Re: Freebsd 14.3 wired memory custom or generic kernel

From: Kun <kunn_at_yaani.com>
Date: Mon, 08 Sep 2025 18:57:42 UTC
so,


du(1) is "the on-disk size" (the amount of physical storage space the 
.ko file consumes on the disk) (compressed, unlinked ELF file), (a 
storage container)

kldstat(8) is "the in-memory size" (the amount of virtual memory the 
kernel module occupies after it has been loaded into the kernel's adress 
space) (decompressed, linked, running code) , (a running program in 
kernel space)

-.ko file that du(1) reports is compressed,
-kldstat(8) reports decompressed code (if it was compressed).
-kldstat(8) linker performs neccesary relocations (adjusting memory 
addresses so the code runs correctly at its loaded location, allocates 
memory for the module's code and data segments within the kernel's 
memory space).
-in short kldstat(8) shows the size of the decompressed, relocated, and 
loaded module in RAM. it reports the runtime memory footprint ?  (in 
short it is a process of kernel's packing (du(1)'s reporting) and 
loading (kldstat(8)'s reporting) process ?)

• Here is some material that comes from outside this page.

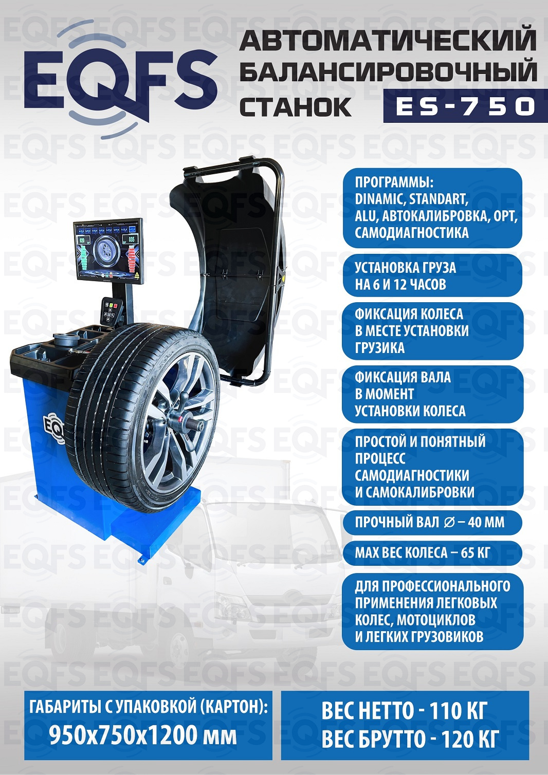 ES-750 Балансировочный станок. Автомат. Для широких колес 315 х R21 от BMW, MB, RANGE ROVER и т.д. Ввод 3-х параметров ( диаметра диска, дистанции и ширины диска), 19-дюймовый LCD монитор с высококачественной 3D-графикой, ультразвуковой датчик ширины. Автодоводчик и лазерная указка места установки грузика. Статическая и динамическая балансировка, ALU-программы для алюминиевых дисков. Программа OPT. Программа разделения и скрытой установки грузиков за спицами SPLIT. Режимы калибровки и самодиагностики. Для балансировки колёс с диаметром колеса до 800 мм. Размеры диска: ширина 3–10” (76-254 мм) , диаметр диска 10–24” (254÷609 мм). Прочный вал Ø - 40мм. Вес колеса 65 кг. Гарантия 18 мес – наш монтаж, 12 мес – самостоятельная установка.
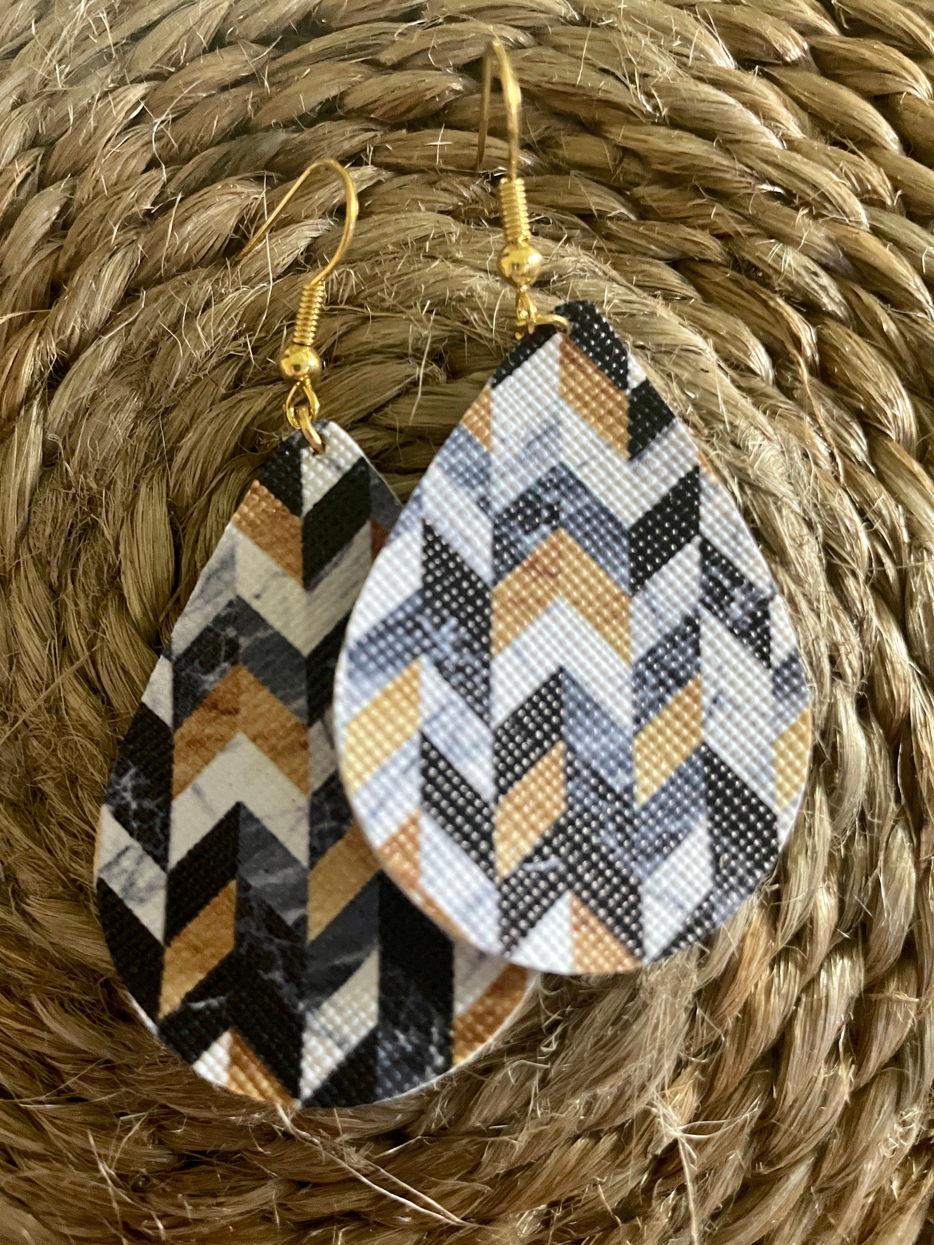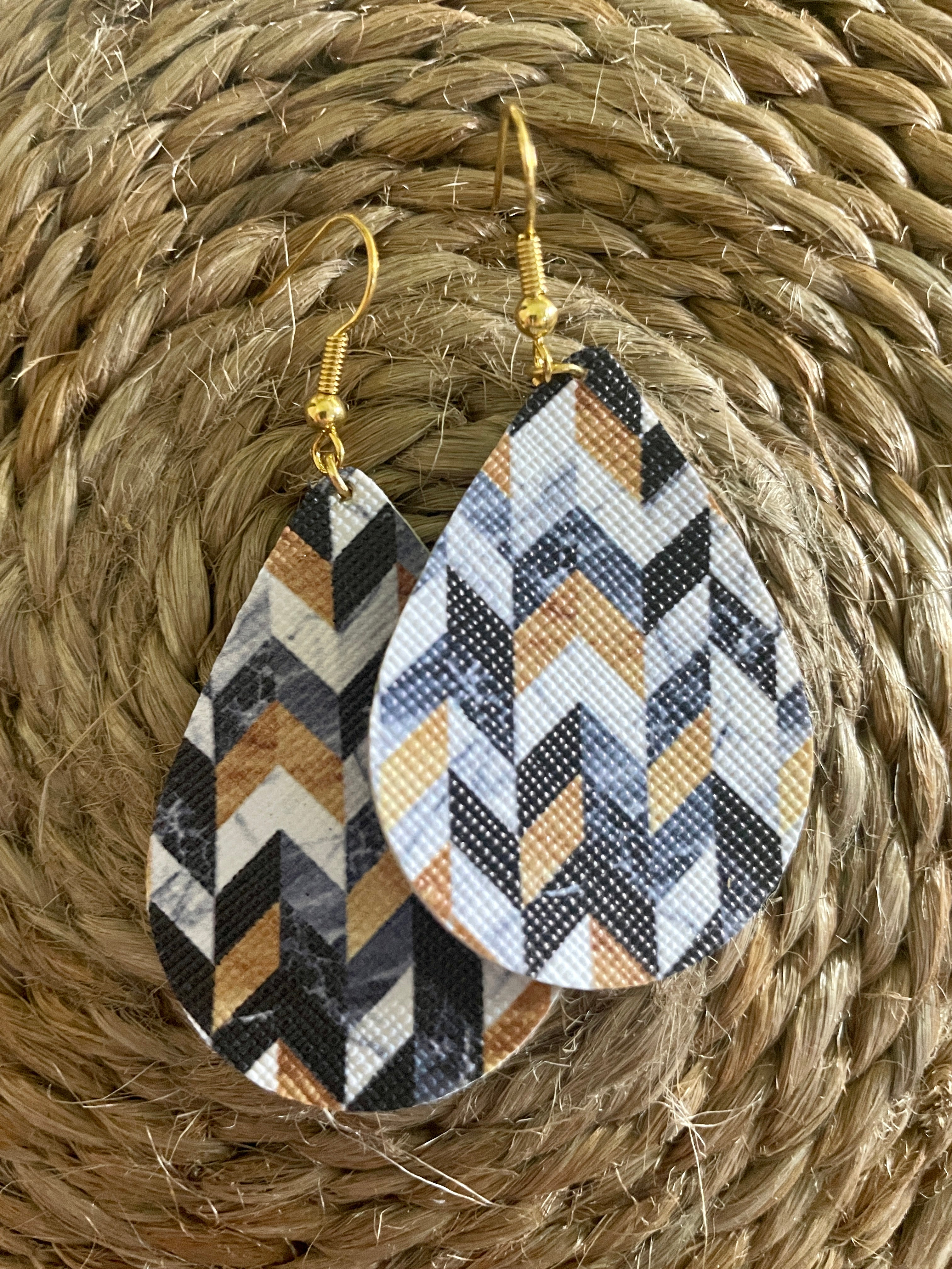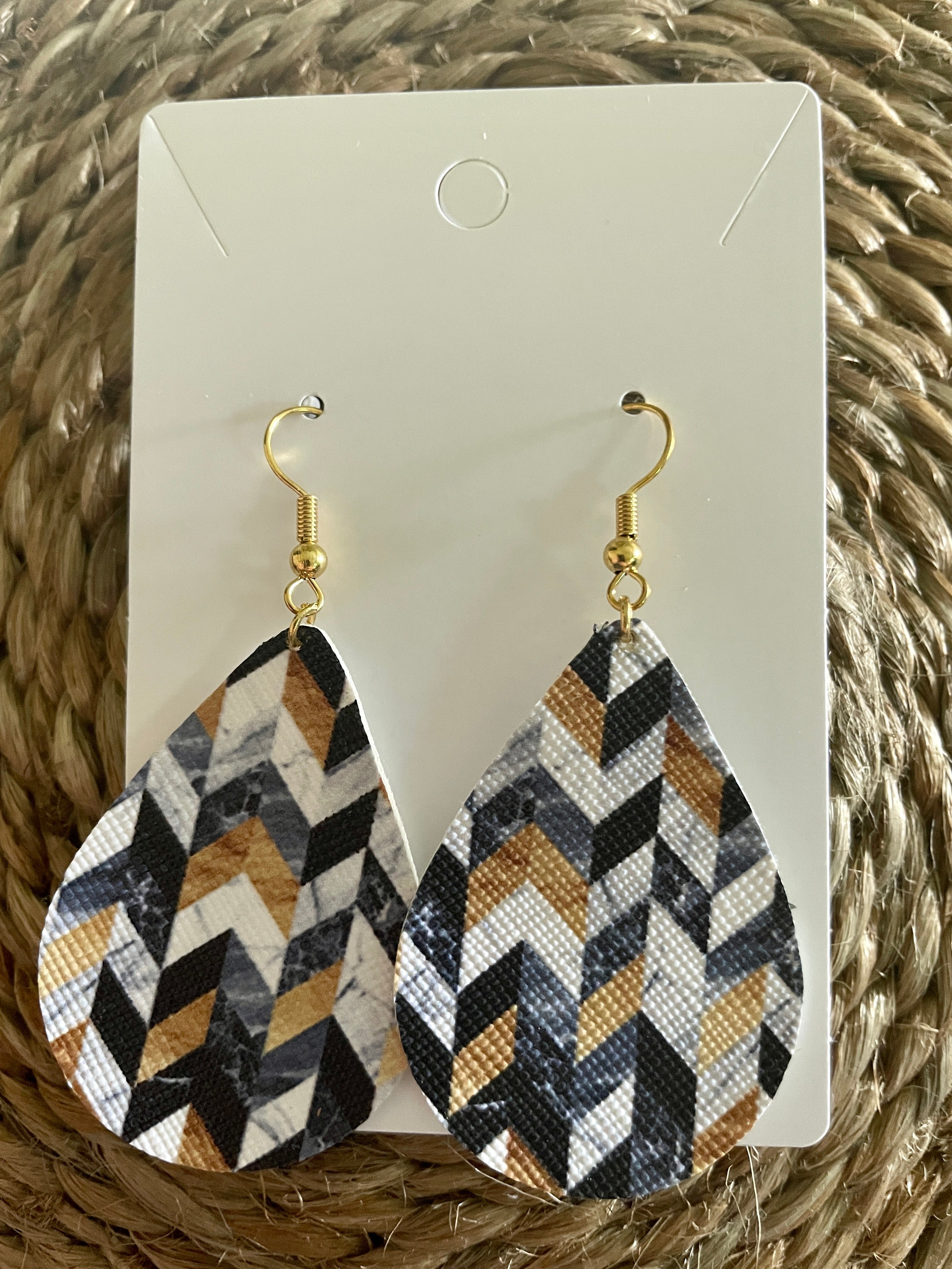 Combination of dusty denim blue, navy, white marble and gold tone symmetrical patterned teardrop leatherette earrings are hand made on surgical steal earring hooks making them ideal for this with sensitive ears. These are super light weight and easy to wear and go with SO many outfits they'll be your new faves, we're sure of it.

it this thinking of mine is correct regarding this matter ? (this is 
what i understood of your reply (kernel file has its own storage format, 
source data for kernel image in memory that has another format)


thank you



On 9/8/25 8:24 AM, Eugene Grosbein wrote:
> 08.09.2025 6:42, Kun пишет:
>> i see, majority of all that 120mb wired memory is triangle of virtual memory, buffer and cache as it seems to be.
>>
>> what bothered me was even with generic kernel wired memory was 120mb, and even with a 15MB sized kernel , wired memory was 120mb.
>>
>> thank you for your guidance and help :)
>>
>> ========================================================================
>>
>> if its possible, could you also comment on "Regarding the fact that kldstat(8) and du(1) on kernel file report different sizes"
> 
> Why should it report same size? Kernel file has its own storage format, just some source data
> for kernel image in memory that has another format.